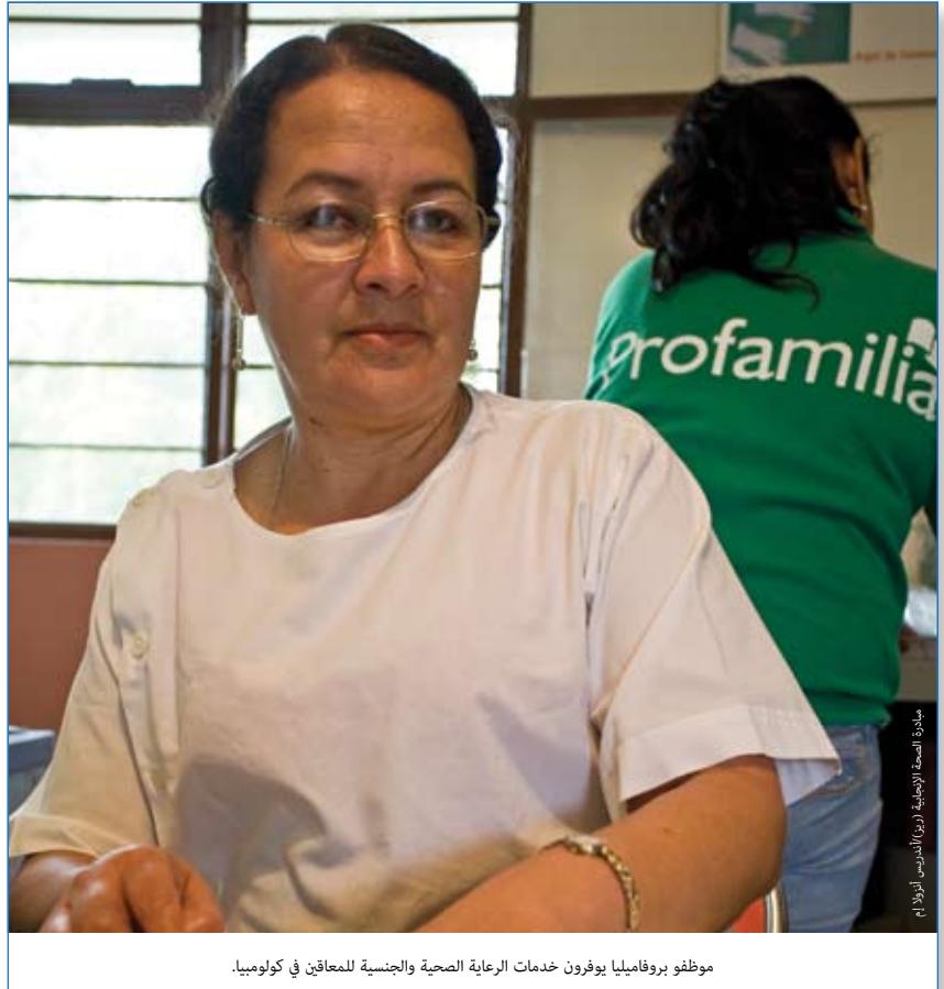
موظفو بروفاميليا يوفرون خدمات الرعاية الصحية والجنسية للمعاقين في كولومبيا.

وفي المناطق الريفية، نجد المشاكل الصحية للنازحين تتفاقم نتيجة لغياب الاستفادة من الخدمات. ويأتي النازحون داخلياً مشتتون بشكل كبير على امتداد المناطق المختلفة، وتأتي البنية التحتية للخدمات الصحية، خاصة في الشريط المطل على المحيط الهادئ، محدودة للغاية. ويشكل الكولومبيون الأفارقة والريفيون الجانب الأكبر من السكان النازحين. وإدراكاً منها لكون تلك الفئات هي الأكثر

* * *

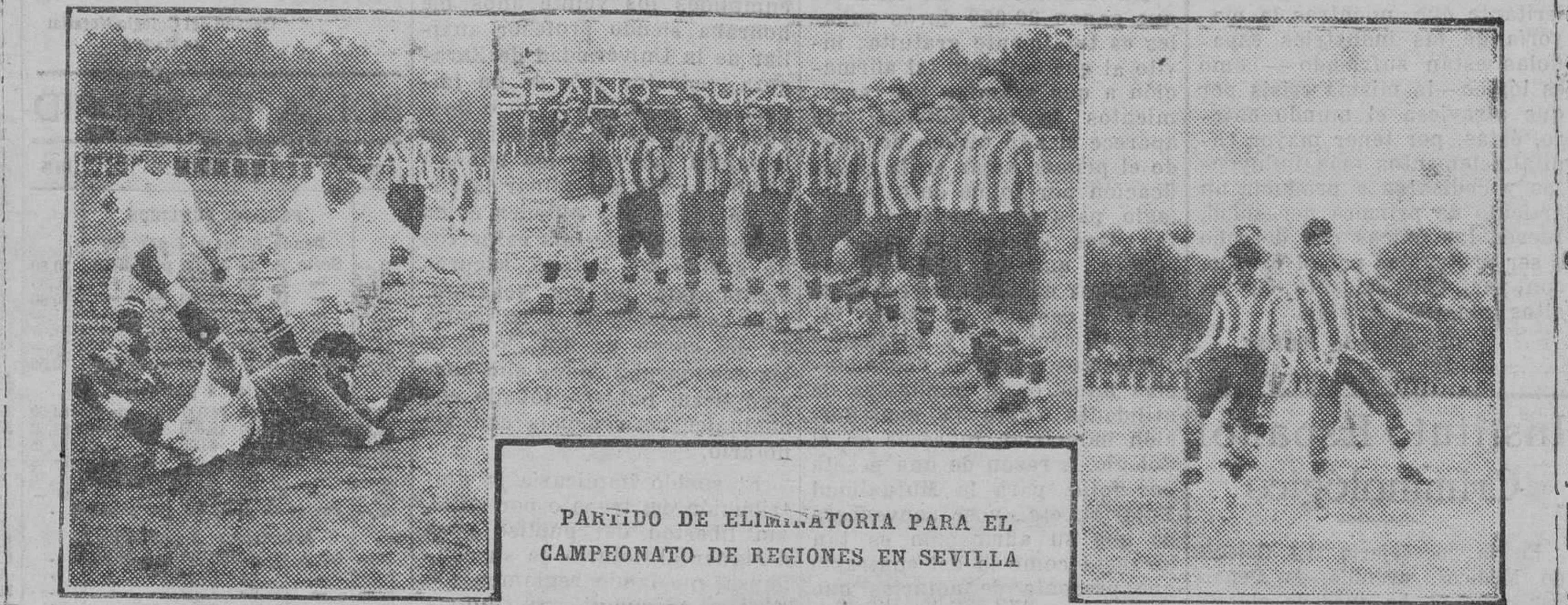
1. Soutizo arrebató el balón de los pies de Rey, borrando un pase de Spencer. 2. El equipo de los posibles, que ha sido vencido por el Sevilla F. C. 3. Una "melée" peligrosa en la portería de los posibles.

=== Task to carry out ===
In the listing above, find the line containing "موظفو بروفاميليا يوفرون" and the line containing "وفي المناطق الريفية،", then repeat those two lines and everything between them exactly.

=== The completed task ===
موظفو بروفاميليا يوفرون خدمات الرعاية الصحية والجنسية للمعاقين في كولومبيا.

وفي المناطق الريفية، نجد المشاكل الصحية للنازحين تتفاقم نتيجة لغياب الاستفادة من الخدمات. ويأتي النازحون داخلياً مشتتون بشكل كبير على امتداد المناطق المختلفة، وتأتي البنية التحتية للخدمات الصحية، خاصة في الشريط المطل على المحيط الهادئ، محدودة للغاية. ويشكل الكولومبيون الأفارقة والريفيون الجانب الأكبر من السكان النازحين. وإدراكاً منها لكون تلك الفئات هي الأكثر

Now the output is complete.